Quarterly Spiritual Meditations
Commonly Asked Questions on the Angels (Part 2)
In this issue of our Circular Letter we continue to answer some of the most frequent questions we are asked by email or at our retreats across the country. Click for full text of questions and answers.
23. Why do Guardian Angels sometimes allow us to be hurt in accidents, if they love us and have been assigned by God to protect us from dangers?
Pope Benedict touched on this question after he fractured his wrist in a fall while on vacation. Speaking about his injury afterward he stated, “unfortunately my own Guardian Angel did not prevent my injury, certainly following superior orders”. Then he went on to explain, “perhaps the Lord wanted to teach me more patience and humility, give me more time for prayer and meditation” (Catholic News Agency, July 29, 2009).
We learn from these wise words of the previous Pope, then, that his own personal Guardian Angel certainly could have prevented his fall and the subsequent injury had he so desired. However, his Guardian Angel was obviously directed by God to allow the fall, so that a greater spiritual good could be received by the Pope, namely, growth in humility and patience, as well as an opportunity to spend more time in prayer and meditation. (And who knows, he may have prevented a broken arm and a fractured skull!) We can conclude from this incident in the life of Pope Benedict, then, that our own Guardian Angel also may allow us to be injured—physically, spiritually, or emotionally—if doing so will lead to our growth in holiness or spiritual progress in some way! Recall that our angels carry out their mission in the light of divine providence. They have a better vantage over what’s good for us than we do.

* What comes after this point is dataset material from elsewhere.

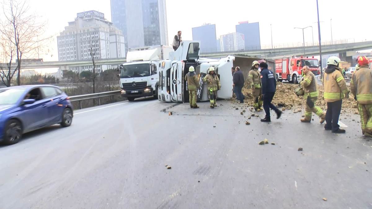 Bu sırada 34 ZM 504 plakalı başka bir hafriyat yüklü kamyon da kazayı görünce kaçmaya çalışırken yol kenarındaki bariyerlere çarparak devrildi.
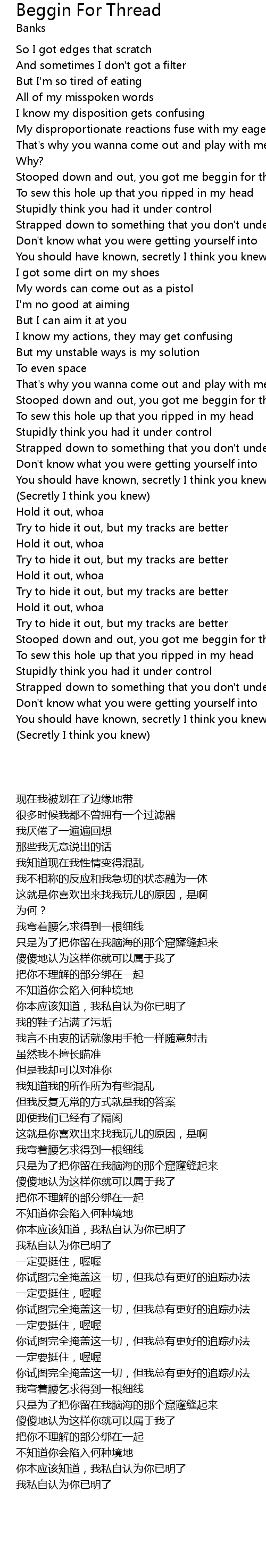 Stooped down and out, you got me beggin for thread |

What’s more, St. Thomas Aquinas clarifies this reality when he states that “the Angel Guardian never forsakes a man entirely, but sometimes he leaves him in some particular, for instance in not preventing him from being subject to some trouble, or even from falling into sin, according to the ordering of God’s judgments” (Summa Theologica, 113, 6c). In short, our Guardian Angel will only allow us to be injured in some way, if it is the will of God. In His loving providence, God foresees our free will, which He respects, and so allows painful things, even sin. Our angel acts in perfect harmony with God, striving to turn all mishaps to God and so lead us to greater love and union with God.
It is, of course, a great mystery that God works this way. But it must be stressed that God allows bad things to happen to us only so that He may bring about a greater good that would not have been possible otherwise. Naturally, from a purely human standpoint we would think that there would be a better or a more effective method for governing the universe. However, if there was a better way of doing things, then God certainly would have chosen it.
24. Is it possible or advisable for a Catholic to practice yoga, even if it is done only for the purpose of physical exercise?
The popularization of yoga as merely a method of physical exercise is altogether misleading. First of all, we must be aware of the fact that yoga is a part of the Hindu religion. It is not merely a method of physical exercise, or a system of stretching techniques. In fact, the word “yoga” itself means “union with god”, or “yoke with god”. The god of yoga, however, is not the God of the Trinity, but rather an impersonal life force that is believed to be the source that energizes the universe.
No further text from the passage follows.